◆ **DIRECTIONS FOR THIS TASK**
If a line below falls between the line with "dual purpose shelving" and the line with "Przecież pisze że", or is one of those two, output it exactly; output nothing else and no pictures.

◆ **EXERCISE MATERIAL**
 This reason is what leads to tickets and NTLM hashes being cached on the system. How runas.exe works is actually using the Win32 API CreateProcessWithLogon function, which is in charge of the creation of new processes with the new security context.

* * *

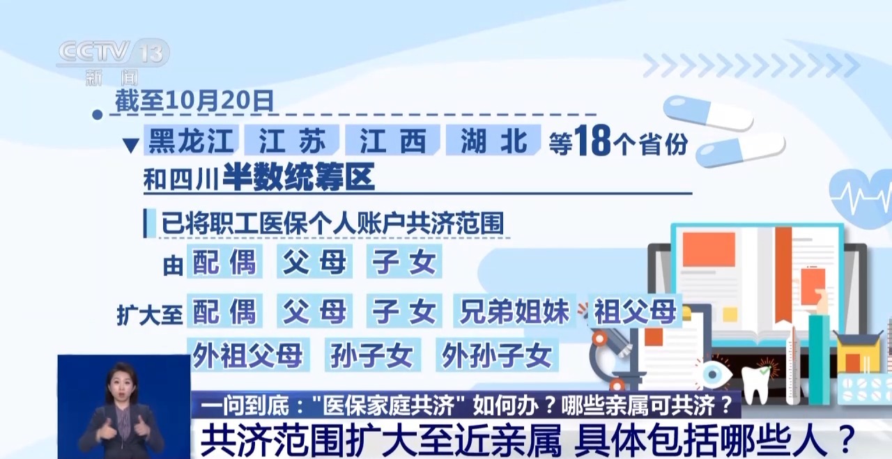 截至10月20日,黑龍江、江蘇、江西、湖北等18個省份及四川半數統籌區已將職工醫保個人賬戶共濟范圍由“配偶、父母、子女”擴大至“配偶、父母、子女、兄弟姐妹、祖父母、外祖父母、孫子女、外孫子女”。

---

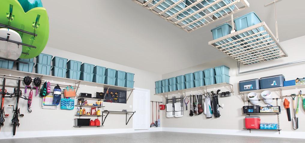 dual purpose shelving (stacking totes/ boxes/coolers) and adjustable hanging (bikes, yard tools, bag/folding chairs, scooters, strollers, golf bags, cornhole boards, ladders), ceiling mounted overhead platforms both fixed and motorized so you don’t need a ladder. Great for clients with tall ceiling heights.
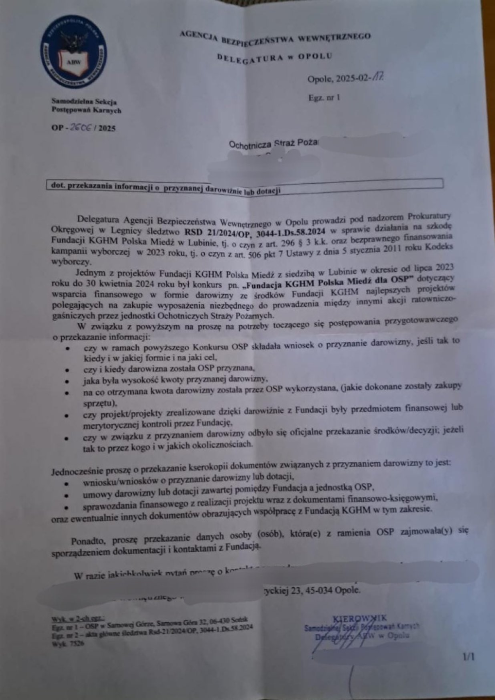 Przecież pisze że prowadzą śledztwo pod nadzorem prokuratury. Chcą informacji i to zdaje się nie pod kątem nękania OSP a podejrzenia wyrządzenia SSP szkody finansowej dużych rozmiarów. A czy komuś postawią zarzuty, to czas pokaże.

◆ **RESPONSE TO THIS TASK**
 dual purpose shelving (stacking totes/ boxes/coolers) and adjustable hanging (bikes, yard tools, bag/folding chairs, scooters, strollers, golf bags, cornhole boards, ladders), ceiling mounted overhead platforms both fixed and motorized so you don’t need a ladder. Great for clients with tall ceiling heights.
 Przecież pisze że prowadzą śledztwo pod nadzorem prokuratury. Chcą informacji i to zdaje się nie pod kątem nękania OSP a podejrzenia wyrządzenia SSP szkody finansowej dużych rozmiarów. A czy komuś postawią zarzuty, to czas pokaże.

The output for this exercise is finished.